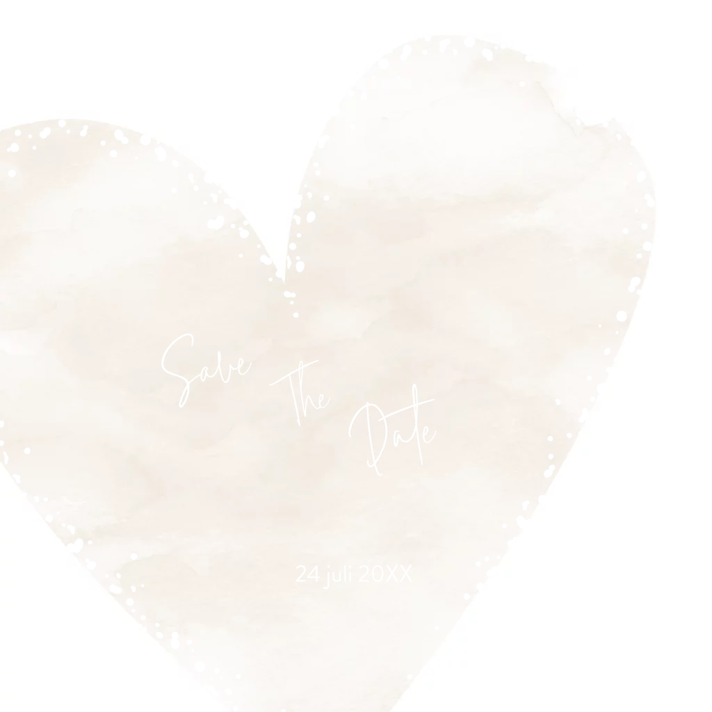 Folie Save-the-Date kaart met waterverf hart en randje van spettertjes, hier met roséfolie. Wil je deze kaart liever zonder folie neem dan contact met ons op.
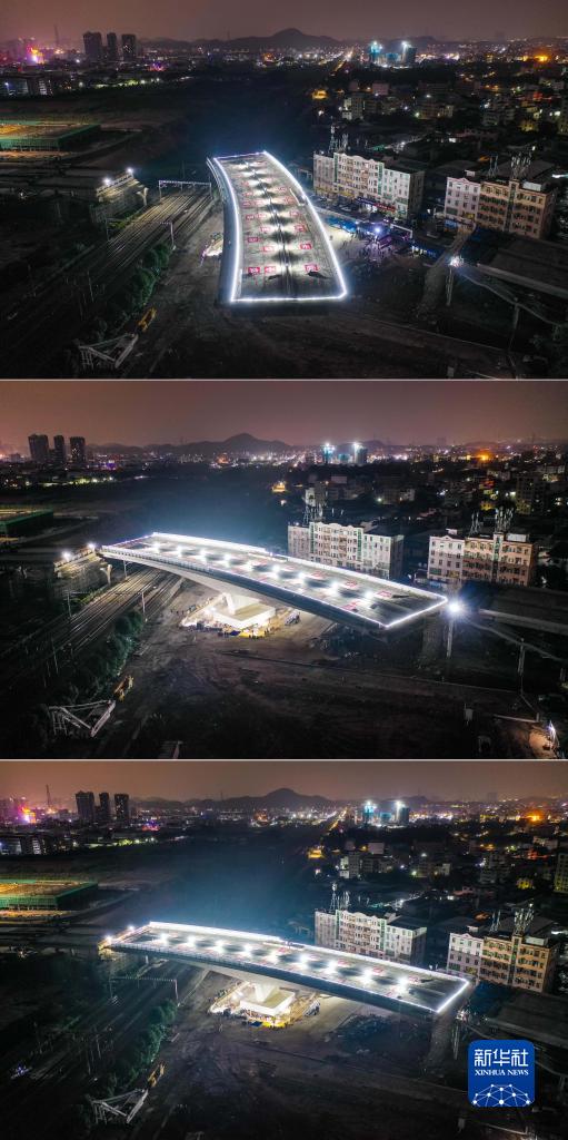 這是東莞環市南路上跨廣深鐵路轉體梁轉體過程的拼版照片(1月4日攝,無人機照片)。
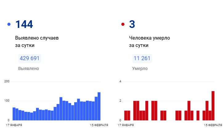 За всё время зафиксирован 429 691 подтверждённый диагноз (+144 за сутки) 417 277 человек выздоровели (+106 за сутки) 11 261 погибший (+3 за сутки) 46 человек госпитализировано за суткиПоследние новости
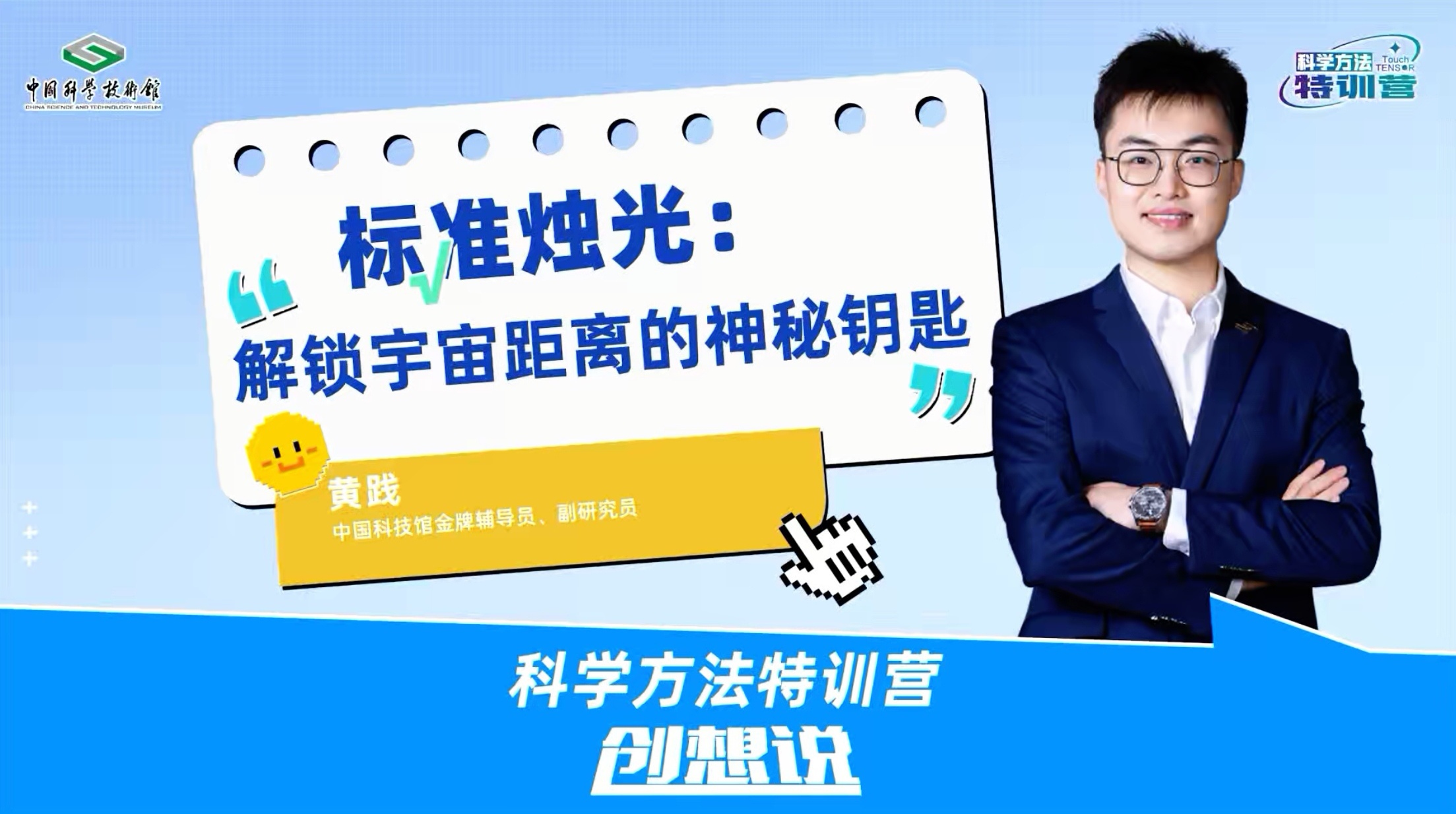 中国科技馆《科学方法特训营创想说》第二期——星空探秘:天文观测的多维对话 科普微课——中国科技馆金牌辅导员、副研究员黄践:“标准烛光:解锁宇宙距离的神秘钥匙”。
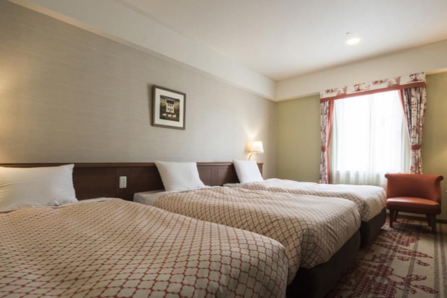 お部屋は2-5Fの「ハリウッドツインルーム」・「パティオツイン」・「トリプルルーム」(各27平米)のいずれかとなり、ホテルの方へおまかせとなります。チェックイン時にホテルにてご確認ください。
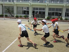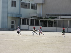 赤白2チームずつの4人でスタートです。低学年は本気で走りましたが、高学年は本番のお楽しみということで、力を入れずに走りました。やがて、アンカーになると先頭の子が徐々に速度を落とし、4人が仲良く並んでゴールに入ってきました。(それを見ていた教室の子たちからは、「追いついた!どのチームが勝つのか?」という実況がありました♪)リレーの練習もわずか2回しかありません。今日の練習を本番までしっかり覚えていてくださいね。
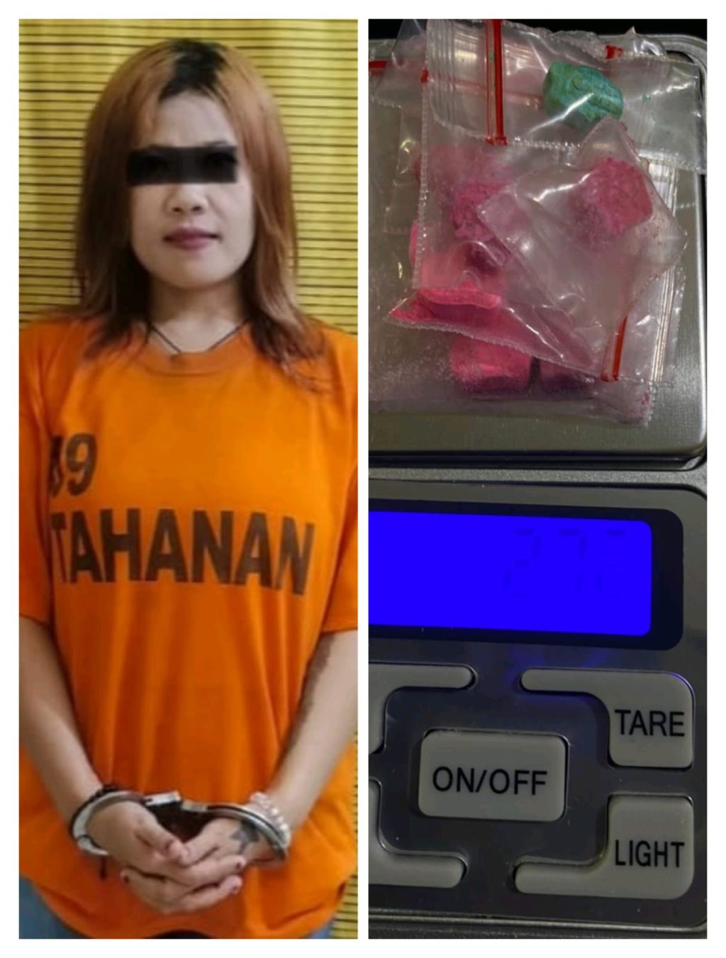 Saat itu juga petugas langsung melakukan penangkapan terhadap terduga sehingga ditemukan padanya barang bukti berupa, 8 (delapan) butir diduga pil Ekstasi yang dibungkus dengan plastik klip transparan dengan berat bruto 2,72 gram serta 1 (satu) buah tas warna hitam.
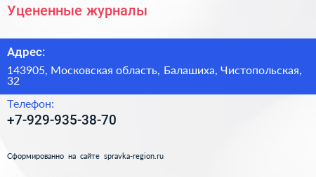 Уцененные журналы по адресу 143905, Московская область, Балашиха, Чистопольская, 32 в дальнейшем Организация, размещена в следующих категориях:
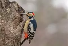 白背啄木鸟共有10个亚种。中等体型,体长25厘米。特征为下背白色,无论雌雄均臀部红色。脚强健,有趾4个,其中2个向前,2个向后,各趾的趾端均具有锐利的爪,巧于攀登树木。尾羽的羽干刚硬如棘,…全部>>
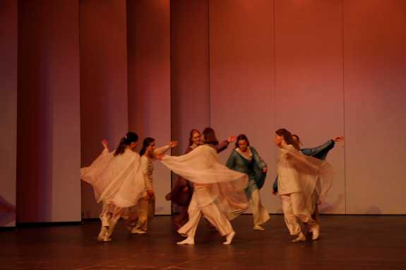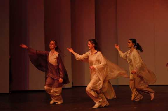 Die Generalprobe am Freitag verlief schon fast zu gut, aber wir waren optimistisch, dass es am Samstag genauso gut oder noch besser laufen würde. An diesem Tag trafen wir uns früh, um manche Abläufe noch einmal durchzugehen und um uns gut einzusingen und einzustimmen. Außerdem wurden von uns Fotos gemacht, wie wir in den Eurythmiekleidern unsere Darbietung machten.
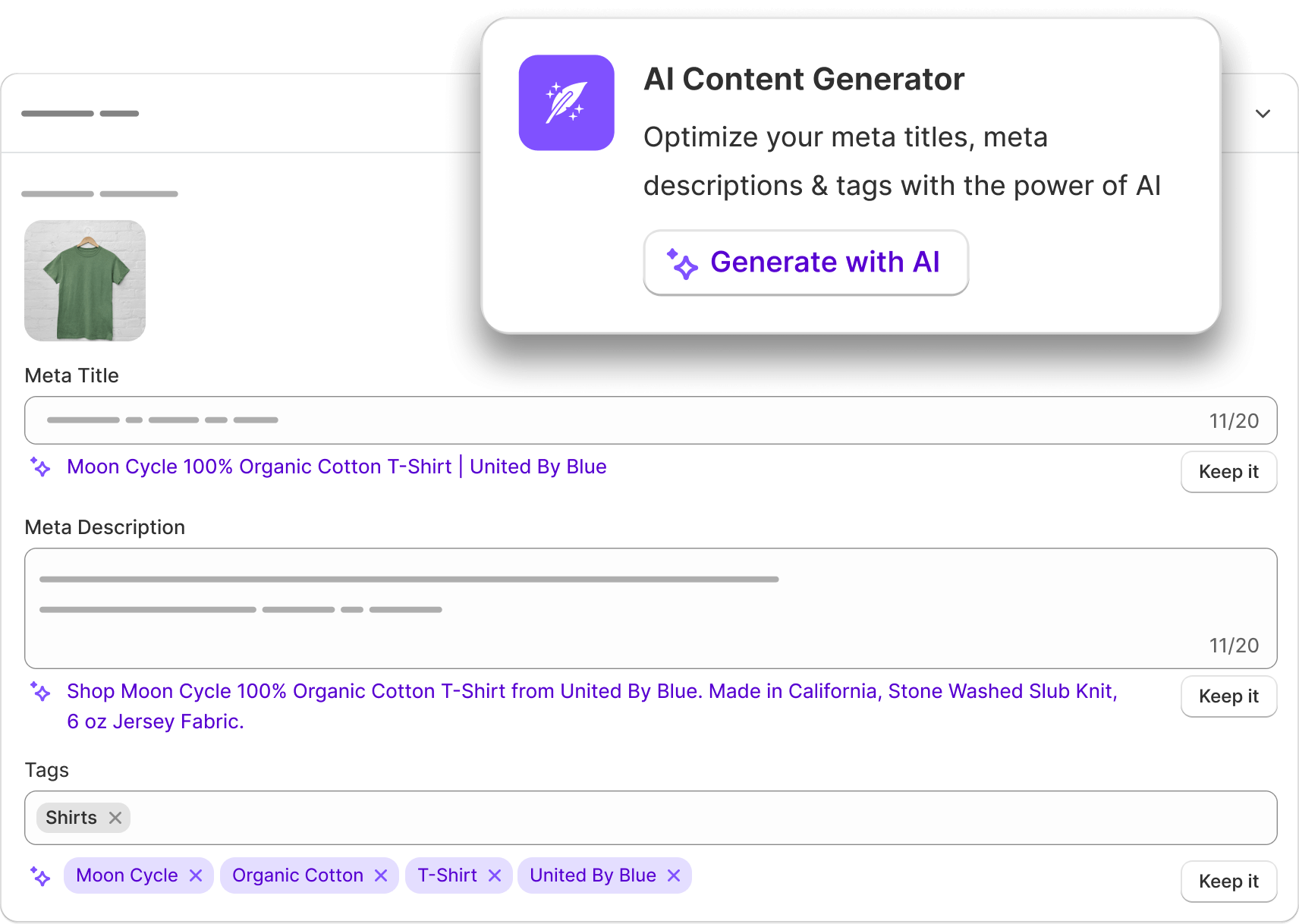 This app has been invaluable to fixing the SEO tags within my Shopify store the help enhance search rankings. The tool allows me to go through each individual listing and provide a score and detailed suggestions to increase visibility. Highly recommended to shop owner needing to improve their SEO

**Work request:**
Look above for the line with "За всё время" and the line with "お部屋は2-5Fの「ハリウッ", then restate exactly those two lines and all lines between them, with no pictures.

**Answer space:**
 За всё время зафиксирован 429 691 подтверждённый диагноз (+144 за сутки) 417 277 человек выздоровели (+106 за сутки) 11 261 погибший (+3 за сутки) 46 человек госпитализировано за суткиПоследние новости
 中国科技馆《科学方法特训营创想说》第二期——星空探秘:天文观测的多维对话 科普微课——中国科技馆金牌辅导员、副研究员黄践:“标准烛光:解锁宇宙距离的神秘钥匙”。
 お部屋は2-5Fの「ハリウッドツインルーム」・「パティオツイン」・「トリプルルーム」(各27平米)のいずれかとなり、ホテルの方へおまかせとなります。チェックイン時にホテルにてご確認ください。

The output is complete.